Enceguecida de furia como una leona enamorada y mal correspondida por su hipotético amor, la Bertalidia recorrió a grandes trancos su
estudio. En dos zancadas, fue a la ventana y –hierática, como una
primerísima dama de la tragedia griega – gritó:
–¡Tú, maldita traidora, pérfida, bandolera, vendida, delincuente,
mafiosa máquina de escribir, tú misma eres la causante de todas mis penas! Tú, que me odias en secreto porque quisieras para ti mi fama y
seguramente andas conspirando con las otras. Sí, tus colegas, las
malasteclas esas, para hacerme la vida más imposible. Pero no, a nadie
diré que pongo mis dedos sobre ti.
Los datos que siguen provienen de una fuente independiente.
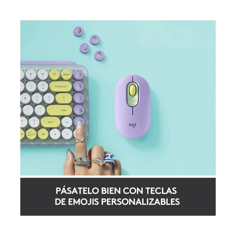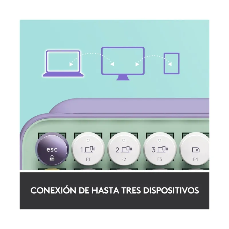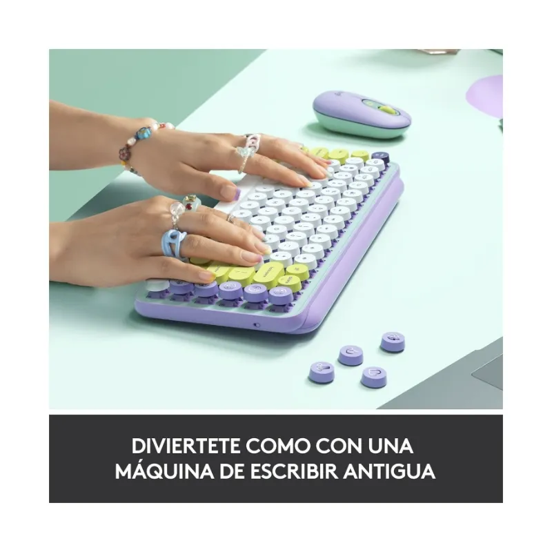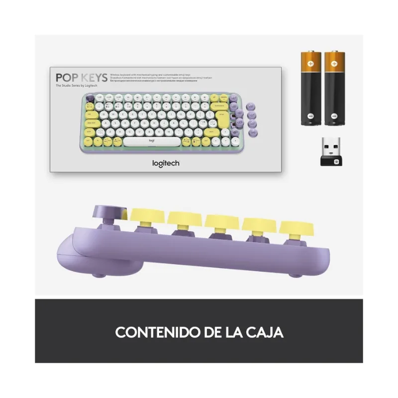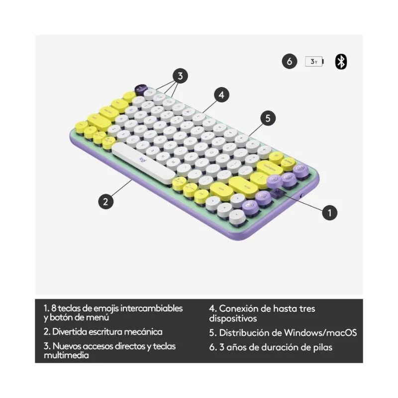 El Teclado Logitech Pop Keys en lila/verde. Teclado mecánico con teclas retroiluminadas, conectividad dual y botones emoji. Estilo vibrante y funcionalidad moderna.

A todos haré creer lo contrario. ¡Vuela, lejos de mi vista, odioso cacharro. ¡Vuelaaaaaaaa y que mal viento te
lleve por esos lares inciertos!
Y en efecto, no por voluntad propia –sino porque Bertalidia la tomó
furiosa lanzándola por los aires – ventana afuera voló la vieja maquinita
de escribir, llamada Erika, así, simplemente, como si se tratara de un
objeto volante no identificado.
La pobre Erika fue a aterrizar en medio de una concurrida y populosa calle
No es muy usual que las máquinas de escribir anden volando por las
avenidas y mucho menos en pleno día. Por eso, se armó tal atasco en la
vía pública que debió venir la policía. Sí, señor, e iniciar la pesquisa para
descubrir a la causante de aquel peligroso, alevoso, culposo, doloso,
impetuoso y casi mafioso defenestramiento (o sea, acto de tirar a alguien
por una ventana, y con evidentes intenciones de homicidio harto premeditado.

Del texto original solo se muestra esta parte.